Mokaba is also the ANC's national election manager and has the support of ANC secretary-general Kgalema Motlanthe, the party's most senior manager. Judging from their efforts to undermine Shilowa last week, Health Minister Manto Tshabalala-Msimang and the ANC's head of the presidency, Smuts Ngonyama, are at least compliant in this endeavour.
Mokaba has distributed dissident literature to the ANC's leadership , both national and regional, and for months to the ANC's parliamentary caucus.
He says that "people who are sick [with AIDS] must be treated for diseases they present. Antiretrovirals are not a part of the solution; they are a problem." He adds that not a single member of the ANC's leadership has spoken against his view.
"It would be terrible for the public if you took the Peter Mokaba thing too seriously," says a top ANC member. "He is one of 100 NEC members. His views have not been formally raised anywhere. And, no matter what views people hold, both the ANC and government proceed from the position that HIV causes AIDS."
Moreover, senior ANC members who have fought since 1997 for a coherent AIDS strategy believe Mbeki has recently shifted in the right direction. They say his parliamentary address marked that turning point, the moment when he began, albeit falteringly, to listen to the grassroots.
"I truly think the President has changed. I'm convinced he's taken heed of what we've been saying. He listens carefully. I believe we're now at the juncture where we can get it right. In future, things may get easier, but we're not out of the woods yet," says a doctor and prominent ANC member.
Government's official position is that the political corner has been turned, but with one proviso: it will not be held hostage to a narrow treatment agenda as espoused by the influential Treatment Action Campaign. Yes, MTCT research sites will be extended but government says universal access as national policy is only likely to happen in two years.

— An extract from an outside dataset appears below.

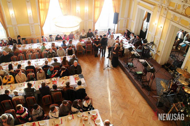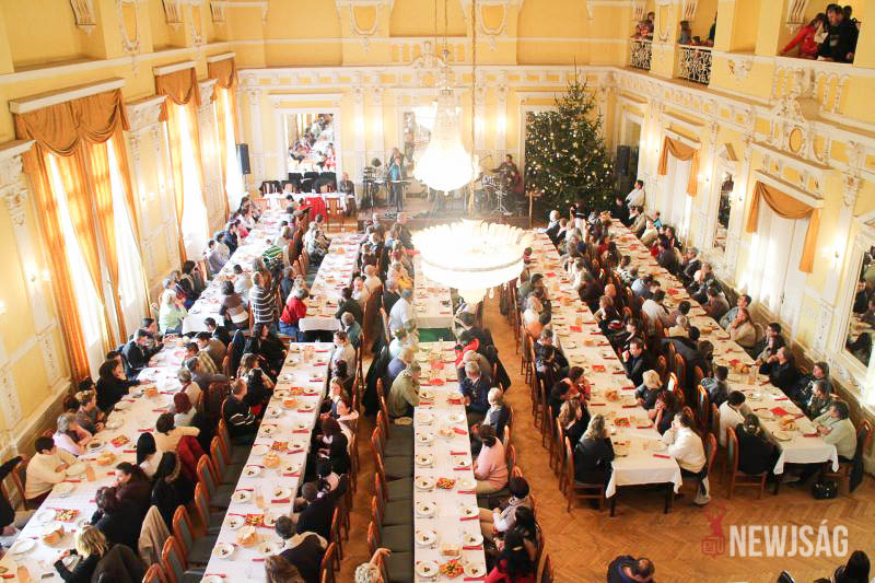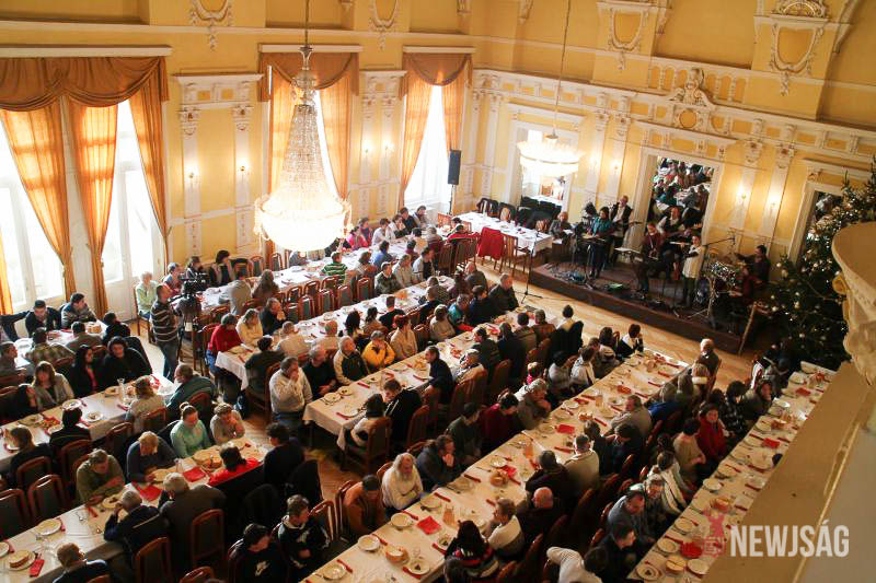 Nemcsak a karácsonyfa, hanem a környezet is ünnepien csillogott december 15-én, a „Mindenki karácsonya” címmel meghirdetett rendezvényen. Több mint tíz év után ugyanis idén először nyitották meg a program előtt az Árpád szálló dísztermét, amely megterített asztalokkal fogadta a meghívott családokat.

It says MTCT treatment requires careful planning, especially in a country with a weak health infrastructure (see box).
Such constraints aside, Mbeki told the SABC programme, News Hour, on February 10 that provinces with capacity should go ahead and expand their MTCT programmes. "I don't think they [the health authorities] would say let us wait for the slowest'. They would have to say, let us make sure that the slowest catches up with the rest'."
"In his State of the Nation address and the News Hour programme, the President gave leadership," says government spokesman Joel Netshitenzhe. "What you had, for the first time in many months, was a comprehensive statement by the President to clarify government's and his approach."
If this is so, Mbeki is indeed moving to deal with an issue that's damaged his credibility - and the trebling of the AIDS budget last week signals political will in Cabinet.
But there are three areas of concern. The first is that the ANC is still incoherent on AIDS policy, as the events of last week have shown. An NEC member says this is because "there is a current of dissidence that obviously comes from senior people . . . You cannot run a campaign schizophrenically. You cannot manage contradictory positions."
In this atmosphere, good policies have to be implemented by stealth and linguistic contortion. In ANC circles the term "universal access" is almost a swearword. "We will expand, without too much publicity," says a Gauteng health official. But is this the way to win the war against AIDS?
Secondly, the President continues to speak in code on AIDS. Though nobody expects a policy reversal, his February speech is open to interpretation.
And thirdly, while Mokaba may be just a maverick, he's had a reputation of being Mbeki's lightning rod before - for instance, he spearheaded the position that premiers be appointed by leadership rather than elected. Mokaba's literature on AIDS is by the dissident scientists on the President's AIDS panel, and he and Mbeki seem to have the same muse - freelance journalist Anita Allen. Coincidence? Many in the ANC are praying so.